Ci sono tante maniere di leggere un libro; si può farlo dall’inizio alla fine, come di solito è consigliato, ma nulla ci vieta di leggerne un po’ per volta, a spizzichi e bocconi, o di inseguire da una pagina all’altra un’idea che forse all’autore non è mai venuta in mente. L’accusa di Pinard - lunga, delineata, mai banale e formidabilmente ben scritta - si apre proprio con questa domanda: come si legge un libro? La questione non è peregrina, tanto più se si tiene presente che nella circostanza specifica pare che il principale interesse di accusa e difesa fosse di evitare alla corte il fastidio di leggere l’intero libro, ritenendo sconveniente che degli uomini togati perdessero tempo con un romanzo d’appendice. Pinard è diabolico e gioca su quest’impossibilità: rivendicando la propria fedeltà al testo, offre una sintesi della trama e accompagna la corte in una selezione dei passi. Selezione tendenziosa, non sarò certo io a dirlo (anche perché glielo rinfaccia Sénard): ma quale selezione non lo è? Considerate soltanto le vostre antologie del liceo, non vi offrivano una letteratura che era decisamente difforme da come effettivamente la letteratura era andata sviluppandosi dei secoli, e che veniva comunque canonizzata come La Letteratura Santa e Immutabile?

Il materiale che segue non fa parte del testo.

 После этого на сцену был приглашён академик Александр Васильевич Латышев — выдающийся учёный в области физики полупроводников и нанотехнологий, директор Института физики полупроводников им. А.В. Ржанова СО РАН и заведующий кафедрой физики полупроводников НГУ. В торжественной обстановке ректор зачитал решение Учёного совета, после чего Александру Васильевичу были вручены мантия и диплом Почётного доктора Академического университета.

Letto da Pinard, Madame Bovary è un libro sconveniente; non perché la requisitoria si limiti ai passi scabrosi, tutt’altro: lo scaltro Pinard lascia cadere le pietre di scandalo in prati fioriti di bella prosa e di complimenti all’autore. La lettura di Pinard è forse l’analisi più precisa che sia mai stata fatta a Madame Bovary, tanto che - vinto il processo - Flaubert volle accluderla in appendice in tutte le nuove edizioni del romanzo (giù fino al Meridiano Mondadori del quale mi sto servendo), insieme ai verbali della difesa e della sentenza. Su una precisa frase Pinard appunta la propria attenzione: “nella sua fresca bellezza, prima delle sozzure del matrimonio e delle delusioni dell’adulterio” - la frase continua, ma Pinard si ferma e, con espressione che immagino teatrale, leva gli occhi dal foglio e suggerisce alla corte: “Un’altra avrebbe detto: prima delle delusioni del matrimonio e delle sozzure dell’adulterio”. Poi continua, ma il fulcro dell’accusa era questo, e non fu capito.

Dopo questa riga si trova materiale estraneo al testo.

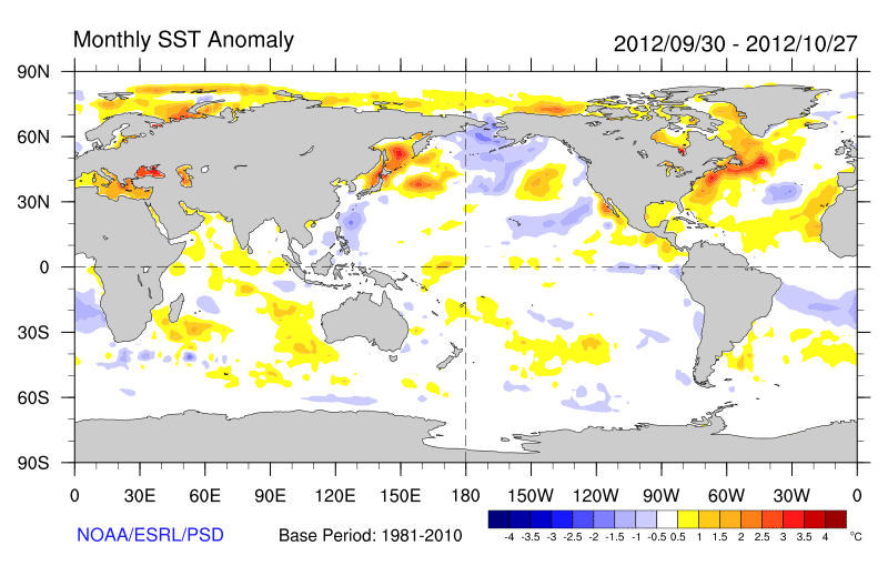 Differences from average global sea surface temperatures for 30th September to 27th October 2012. Map courtesy of NOAA Climate Diagnostics Centre (http://www.cdc.noaa.gov/map/images/sst/sst.anom.month.gif).

Pinard sta considerando Emma Bovary non come un personaggio fittizio (come invece distinguerà Sénard, disponendo sul bilancino i pensieri della protagonista e i giudizi dell’autore, mischiati assieme dal discorso indiretto) ma come un personaggio reale, una delle possibili oneste spose di campagna che possono essere traviate dalla lettura delle avventure di una di loro. Prevede la mossa della difesa, che presenterà quale insegnamento morale del libro proprio la raggiunta consapevolezza che l’adulterio non è che illusione dopo l’oscenità del matrimonio contratto per ambizione e prestigio. Individuato l’inciso nel quale Flaubert aveva racchiuso l’insegnamento, Pinard provvede a capovolgerlo disinvoltamente, ridisponendo i termini nell’ordine prestabilito (il matrimonio può essere deludente; l’adulterio è una porcheria) e sapendo altresì che quella metatesi è il suo cavallo di Troia: se si ammette che Flaubert avrebbe potuto scrivere meglio l’idea che intendeva esprimere, sarebbero venuti meno tanto l’insegnamento morale racchiuso nell’inciso quanto la presunzione che il romanzo fosse prosa d’arte; allora Pinard avrebbe avuto gioco facile a tacciare Madame Bovary di libraccio immorale, e proibirne la lettura a tutti gli scolari per i quali oggi è obbligatoria. Non c’è riuscito.Sénard e Pinard, centocinquant’anni dopo aver pronunziato le parole che leggiamo, diventano nella nostra mente uno scherzo della memoria, uno di quei giochi di specchi a cui il lettore compulsivo è abituato da tempo: i loro cognomi in rima si fanno, sulle pagine degli atti, da persone personaggi, si mutano in frutto della fantasia dell’autore che stanno rispettivamente accusando e difendendo, diventano una di quelle coppie di opposti complementari che Flaubert stesso amava e che ha eternato in Bouvard e Pécuchet. Ci sembrano ridicoli e al contempo siamo loro grati per averci letto ognuno un romanzo diverso. Dalle note agli atti del processo, infine, si può apprendere che di lì a dieci anni Pinard sarebbe diventato ministro degli Interni; magari accettando l’incarico ha pensato all’antico rivale che l’aveva preceduto nello stesso ruolo; magari ha sentito che la letteratura gli aveva dato torto, mentre la storia gli stava dando ragione.